Friday, March 27, 2020
4pm - 5pm


Event Details

Session leaders: Jodi Schneider, iSchool Assistant Professor
Description: Join online in Zoom:

Retraction is intended to stop citation to papers whose conclusions are unreliable. However, retraction is often poorly documented on publisher websites and scholarly databases, and few tools help authors and editors check bibliographies for retracted papers. We illustrate how the current information environment contributes to the spread of misinformation from retracted papers  through a case study of a paper retracted in 2008, due to falsified clinical trial data (Matsuyama et al., 2005). Its “persistent citation” was noted by domain researchers in 2015 (Fulton, Coates, et al., 2015).

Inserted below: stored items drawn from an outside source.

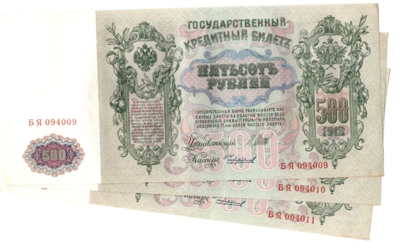 Lot 3 ks 500 Rubl 1912, stavy 0, číslovače za sebou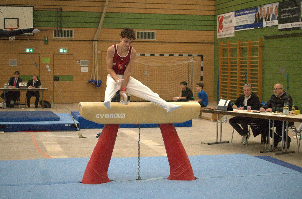 Die Turner der 1. Mannschaft des TV Eschborn starteten unglücklich in den Wettkampf. An den ersten beiden Geräten (Barren und Reck) patzten je zwei Turner. Nachdem der Boden mit stabilen Übungen gut verlief, folgten mit Pauschenpferd und Ringen erneut Geräte, an denen mindestens zwei Turner je Gerät verturnten. Am letzten Gerät zeigten die Eschborner Turner dann einfache aber sehr gut ausgeführte Sprünge. Die Freude war groß, als man bei der Siegerehrung feststellte, dass man den Wettkampf trotzdem vor der KTV Obere Lahn mit einem Vorsprung von 1,45 Punkten gewonnen hatte. Trainer Niklas Roth führt das darauf zurück, dass die Eschborner in der Breite sehr stark aufgestellt sind und verturnte Übungen besser ausgleichen können als die anderen Mannschaften. So war man selbst überrascht, dass man neben dem Boden auch am Barren und Reck die beste Mannschaft des Tages war. Besonders gelungen waren die Übungen von Julius Wiegand am Boden (13,75 Pkt.) und an den Ringen (11,95 Pkt.) sowie von Silas Drosin am Barren (11,95 Pkt.). Nach zwei gewonnen Wettkämpfen führt der TV Eschborn die Tabelle mit 24:00 vor der KTV Obere Lahn mit 20:04 an.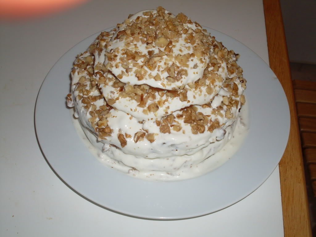 Блатът ми се наду много, но за съжаление се надигна така, както се надигат повечето ми кексове - неравномерно. В средата блатът ми се наду неимоверно много, но отстрани си остана нисичък и като резултат в средата се получи едно доста височко купелче, което се чудих какво да правя. Не правя много често торти, но все пак съм правила достатъчно и досега блат за торта никога не ми се е надувал така. Не знам дали го обясних добре, но ето нагледно готовата торта: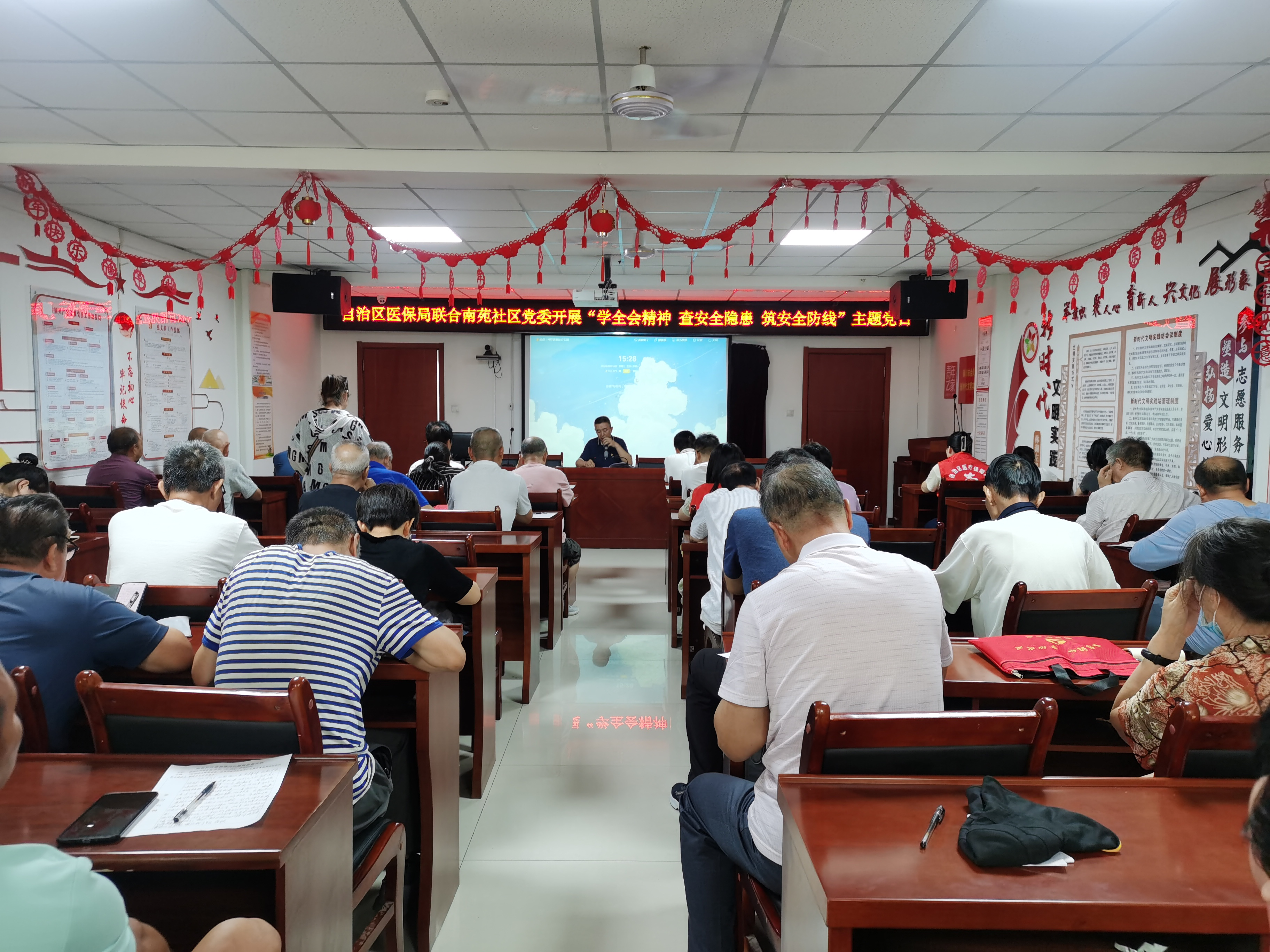 为深入推进学习贯彻习近平新时代中国特色社会主义思想主题教育,认真学习习近平总书记关于安全生产重要论述和重要指示批示精神及自治区党委十三届四次全会精神,进一步改进机关党员干部作风,密切党群干群关系,不断提高服务中心、服务基层、服务群众的能力,8月16日下午,自治区医疗保障监控信息中心党支部依托“机关干部基层工作周”、“双报到、双报告”、“文明礼让 平安出行”专项行动活动载体,联合金凤区长城中路街道南苑社区党委共同开展“共创共建和谐社区”暨“学全会精神 查安全隐患 筑安全防线”主题党日活动。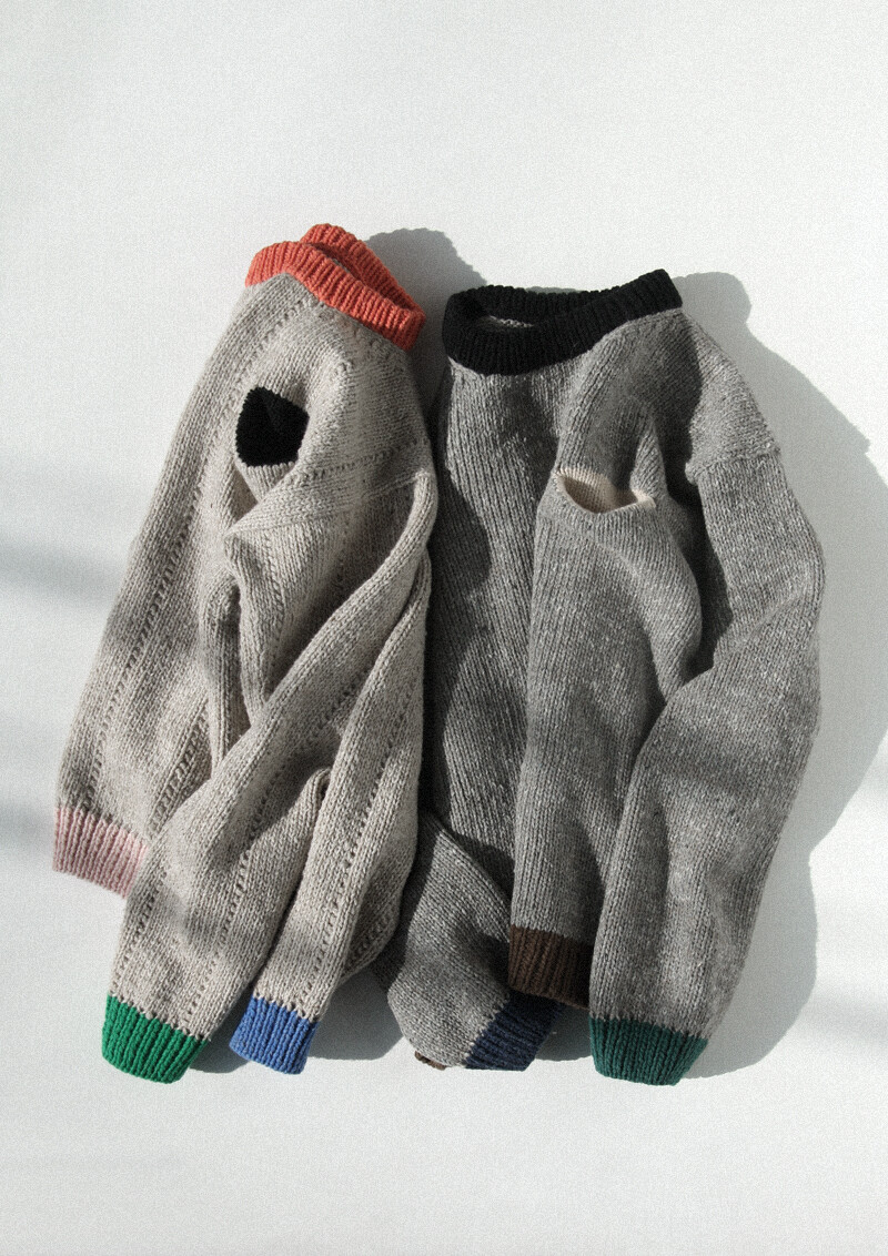 배색으로 포인트를 준 스웨터입니다.

We now find that, from 2008-2019, the paper has continued to be cited positively and uncritically to support a medical nutrition intervention, without mention of its 2008 retraction for falsifying data. Shockingly, citation to the retracted paper has continued even though to date no high quality clinical trials with a similar aim (determine the efficacy of omega-3 fatty acids on reducing inflammatory markers) have been published.

Our case study uses network analysis, citation context analysis, and retraction status visibility analysis. We find that 96% of the citations since retraction were positive and did not mention the retraction (107/112 of post-retraction citations). We look for possible diffusions of misinformation in citations to these papers (second-generation citations). We find 25 possible diffusions of misinformation in second-generation citations, from looking at 153 citations to the most recent 35 direct citations (2010-2019) that specifically describe the retracted paper’s methods or results without noting its retraction. We assess retraction status visibility of the case study paper and its retraction notice on 12 digital platforms as of early 2020. Resolving errors from databases show a significant challenge for a reader to reach the retraction notice via a database search. Only 1/8 databases (and 1/9 database records) consistently resolved the retraction notice to its full-text correctly in our tests.

Following the case study, we will also briefly discuss ongoing work to take a knowledge maintenance perspective in digital libraries, and to develop a research agenda through a Sloan-funded project stakeholder consultation.

Jodi Schneider is assistant professor of information science. Her work relates to the sociology of knowledge and uses approaches from science of science, argumentation, and knowledge representation, and computer supported collaboration to contribute to biomedical informatics, information quality, and evidence synthesis.